I got an alert from Google Webmasters. They say the following file was present in my host:


I checked my files and it never existed at all.

I've experience this problem in two different host and domains but the file never existed in my file system.

It appears somebody out there is linking a random domain and it prefixes the link with /~jhostgop/identity.php. Now Google may have indexed them so now I get those false phishing alerts.

Anyone experienced this? Is it possible to prevent this?

  • A file does not necessarily have to be physically on your file system for an external site (ie. Google) to identify it as a file. If your .htaccess file has been hacked, for instance. If "somebody out there" is linking to a non-existent file (and Google has crawled this link) then you should be seeing this in your 404 report? – MrWhite Jan 8 '13 at 9:05
  • ...So Google thinks you've been serving a phishing like attack from this URL?! – MrWhite Jan 8 '13 at 9:12
  • @w3d actually I don't have htaccess file because I'm using Nginx (not Apcahe). It does appear in my error log. Yes Google thinks so. – IMB Jan 8 '13 at 9:51
  • How sure are you about the "never" part? If I were trying to be a sneaky phisher, I'd only keep my pages up for a day or two before deleting every trace of them I could. – Ilmari Karonen Jan 8 '13 at 20:41

They malware might have infected the .htaccess on your site to redirect, identity.php to something else without ever touching the file system. Or it could be a hack into the PHP code to capture calls to identity.php and do something wit it.

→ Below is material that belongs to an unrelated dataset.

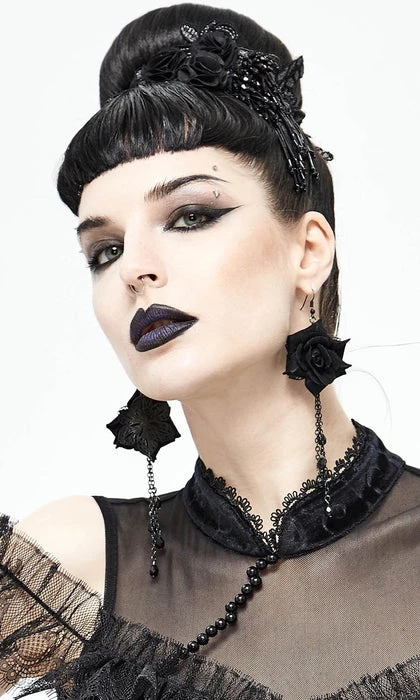 Frame your beautiful face with big black roses to match your big black heart. A must have statement piece that completes any gothic look.

I would recommend your best course of action is to download the whole site codebase & do a search for identity.php or perhaps even base64_encode or base64_encode since much malware is obscured from pure text searches because of base64 encoding.

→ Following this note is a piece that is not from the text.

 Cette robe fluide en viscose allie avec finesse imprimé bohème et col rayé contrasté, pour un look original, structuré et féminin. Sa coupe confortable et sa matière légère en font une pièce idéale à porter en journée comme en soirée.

Forensics like this is tedious, but if it’s happened to you more than once you need to dedicate some time to go through all your code to find the infection.


Here is a list of things that I would do if I were you:

  1. Change all the login details to the server including but not limited to FTP, SSH and login details to the CMS if you use any.

  2. Disallow example.com/~jhostgop/identity.php in your robots.txt.

  3. In Google Webmaster Tools, submit a page removal request for example.com/~jhostgop/identity.php

These above steps should stop Google from displaying such messages in future. However, the ultimate solution to this would be to identify the security loop hole and fix it, which can only be done with a detailed examination of logs.